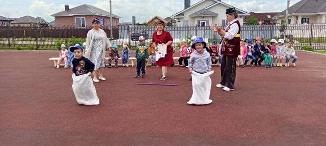 Ребята с удовольствием участвовали в играх: «Эй, дружок, продай горшок», «Бег в мешках», «Перенеси яйцо в ложке», «Принеси воду» и даже устроили настоящие «Конные скачки»!
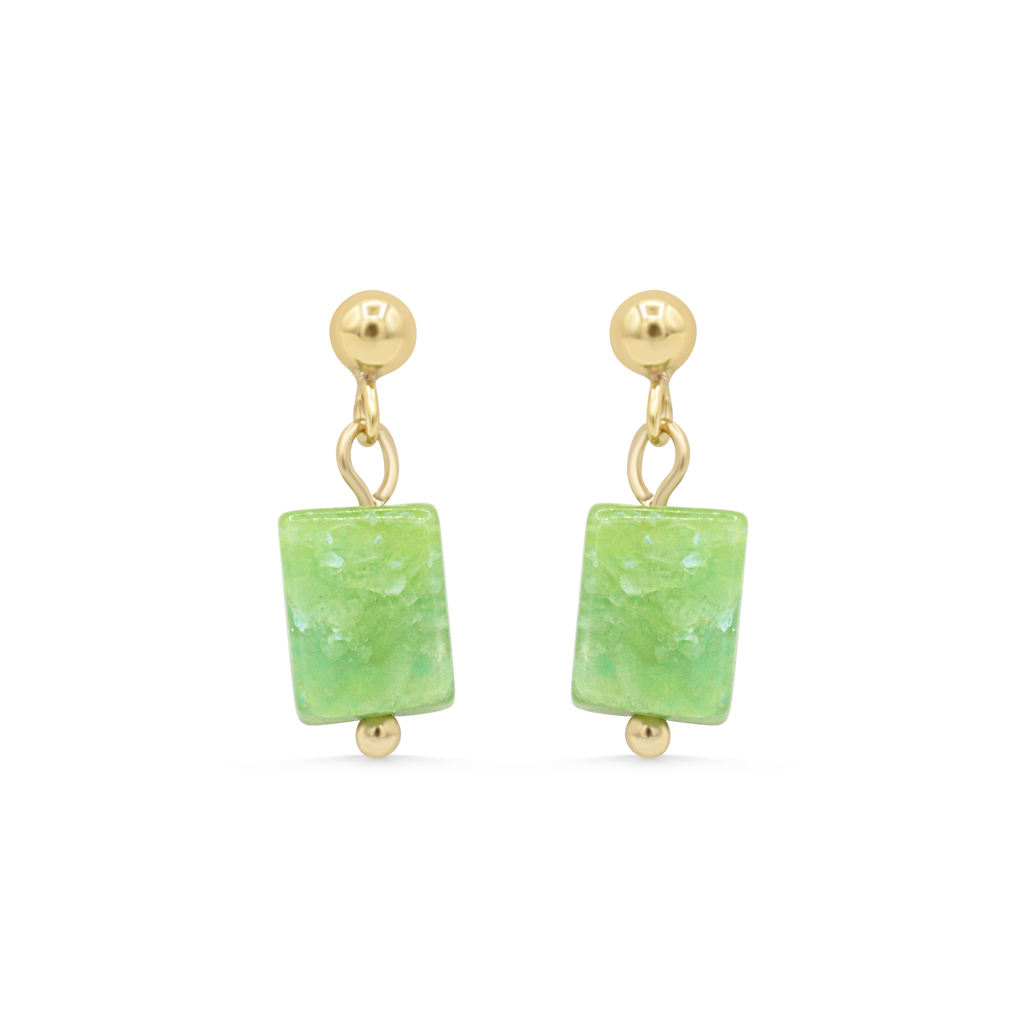 These genuine Peruvian green opal drop studs are set in 14K gold fill, showcasing the stone’s soft sea-green tones and natural variations. Celebrated for its soothing and restorative energy, green opal is believed to bring emotional renewal, balance, and a sense of peace.
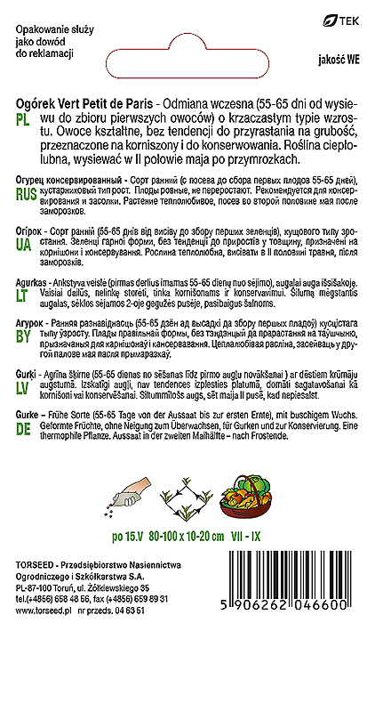 Ogórek konserwowy Vert Petit de Paris to odmiana wczesna (55-65 dni od wysiewu do zbioru pierwszych owoców) o krzaczastym typie wzrostu. Owoce kształtne bez tendencji do przerastania na grubość. Przeznaczona na korniszony i do konserwowania.
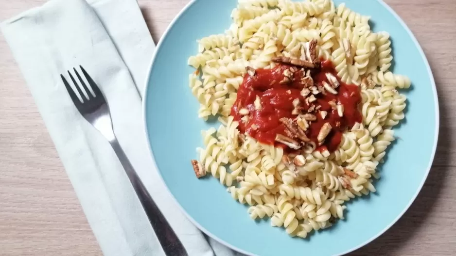 Mientras se sancochan los fideos, poner en una olla o sartén a cocer cebolla, ajos, tomate, albahaca (todo picado), orégano, sal y pimienta. Esperar a que enfríe, y agregar el ingrediente secreto: una palta madura más una pizca de panela. Licuar, verter sobre los fideos largos o cortos y ¡listo el almuerzo saludable! Puedes agregarle champiñones si te provoca.
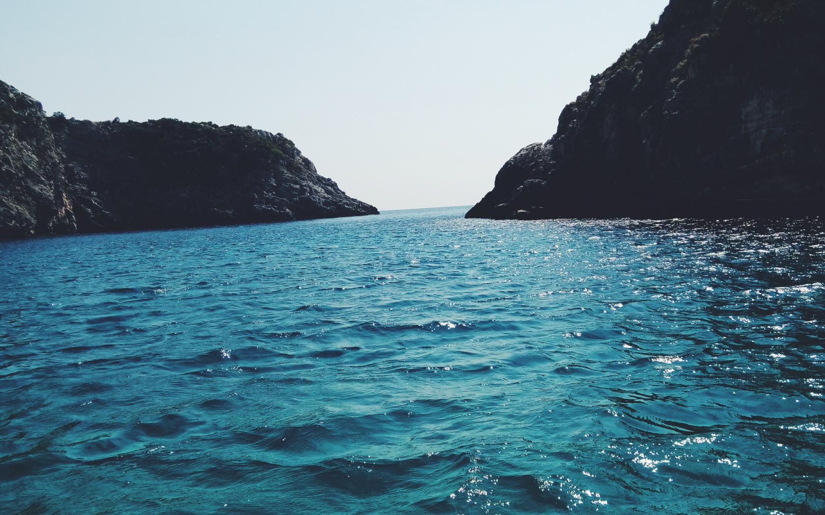 Обои Голубая вода в заливе между гор

+ + + +

- **TASK DIRECTIONS**
May I have only the lines from the start of the data through the line containing "These genuine Peruvian", both included, reproduced exactly and without the pictures?

- **REPLY TO THE TASK**
 Ребята с удовольствием участвовали в играх: «Эй, дружок, продай горшок», «Бег в мешках», «Перенеси яйцо в ложке», «Принеси воду» и даже устроили настоящие «Конные скачки»!
 These genuine Peruvian green opal drop studs are set in 14K gold fill, showcasing the stone’s soft sea-green tones and natural variations. Celebrated for its soothing and restorative energy, green opal is believed to bring emotional renewal, balance, and a sense of peace.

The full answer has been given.